Premature Contempt Proceedings: The judge erred in entertaining the contempt petition (filed on 31 December 2024) at its first mention, while the Government’s stay application (MA 275/2024) and urgent motion (MA 274/2024), filed on 12 November 2024, were still pending and adjourned to 17 January 2025 for the respondent’s objections.


Absence of Wilful Disobedience: The judge erred in holding the FCIU in contempt without evidence of deliberate or wilful disobedience of the court’s order.


  1. At the hearing, Mrs. Amesbury did not oppose any of the appeal grounds, effectively yielding to the Attorney General’s arguments.

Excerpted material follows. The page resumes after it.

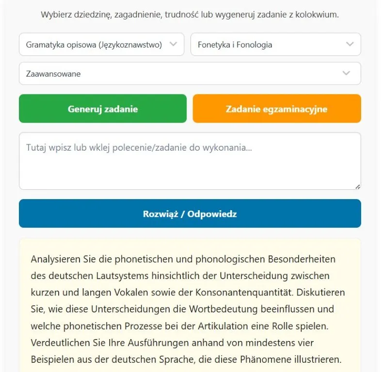W tym module znajdziesz zaawansowane zadania, które pozwolą Ci udoskonalić warsztat językowy. Nasz generator AI tworzy ćwiczenia ze złożonych struktur gramatycznych, takich jak strona bierna (Passiv), tryb przypuszczający (Konjunktiv II) czy nominalizacja. Możesz również intensywnie trenować słownictwo specjalistyczne (Fachwortschatz) z Twojej dziedziny studiów, od prawa i ekonomii po kierunki inżynierskie.
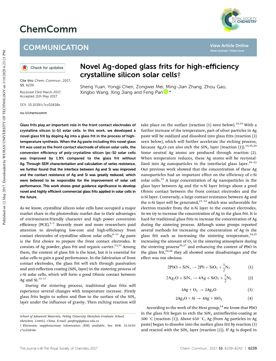 发生在表面(反应(1)见下文)[18,19]。随着温度的进一步升高,银浆中的部分银颗粒将被氧化并溶解到玻璃熔块中(反应(3)见下文),这将进一步加速蚀刻过程,因为Ag2O也可以蚀刻SiNx层(反应(2))[14,16,20]。一些中性银原子是通过反应(2)产生的。当温度降低时,这些银原子将在界面玻璃层中再结晶成银纳米粒子[20–22]。我们先前的工作表明,这些银纳米粒子的浓度对c-Si太阳电池的效率有重要影响[21]。在Ag和n-Si层在前接触电极和n-Si层之间形成良好的欧姆接触。相反,Ag与n-Si层之间会产生较大的接触电阻[21-24],不利于电子从n-Si层转移到接触电极。所以我们试图提高玻璃熔块中的银浓度。传统的玻璃熔块在烧结过程中很难提高银的含量。尽管一些研究小组报道了几种提高玻璃料中Ag浓度的方法,如提高烧结温度[14,25]、在烧结过程中增加烧结气氛中的O2含量[26,27]和提高玻璃料中PbO的含量[20,28]例均表现出一定的缺陷,效果不明显。

This Court’s deliberation.

  1. The Court, having carefully examined the proceedings and considered the grounds of appeal, finds the appeal well-founded. The contempt ruling is legally untenable when examined against the factual matrix of this matter. Nothing more needs to be stated.

  2. For all these reasons, these appeals are upheld.

Order

  1. Both appeals are upheld, and the following orders are made in consequence:

  1. The sum of SCR 180,000 is to be immediately returned to the Government of Seychelles by Mr. Dylan Padayachy.

  2. The fine of SCR 10,000 is to be immediately reversed and the money returned to the Government of Seychelles.









Signed, dated and delivered at Ile du Port, Mahé, Seychelles on 22 April 2025.





_____________________________

Dr. M. Twomey-Woods, JA.



I concur ________________

F. Robinson, JA





I concur ________________

S. André, JA



1 Article 19 (7) read with Article 5 of the Constitution of Seychelles.

2 (SCA 3 of 2017) [2017] SCCA 33 (19 September 2017)

3 (SCA 24 of 2018) [2020] SCCA 38 (18 December 2020).

4 (572) [2023] SCSC 572 (28 July 2023).

5 Vijay Construction (Pty) Ltd v Andre (MC 108/2014) [2016] SCSC 21 (25 January 2016).

6 2013 UKSC61, paras 67 and 68.

7

8 See Camden Asset Recovery Inter-Agency Network (CARIN) file:///Users/user/Downloads/Carin%20Manual.pdf

9 Sections 4,5,9,17, POCA 2008.

10 Sections 4 and 9 of POCA.

11 Section 4 (5) of POCA.

12 Section 4 (3) of POCA.

13 Section 9 (2) of POCA.

14 Section 9 (3) of POCA.

15 Proviso to section 4 (1) of POCA.

16 FIU v Mares (2011) SLR 405, Financial Intelligence Unit v Sentry Global Securities Ltd & Ors (2012) SLR 331

Financial Intelligence Unit v Cyber Space Ltd (2013) SLR 97.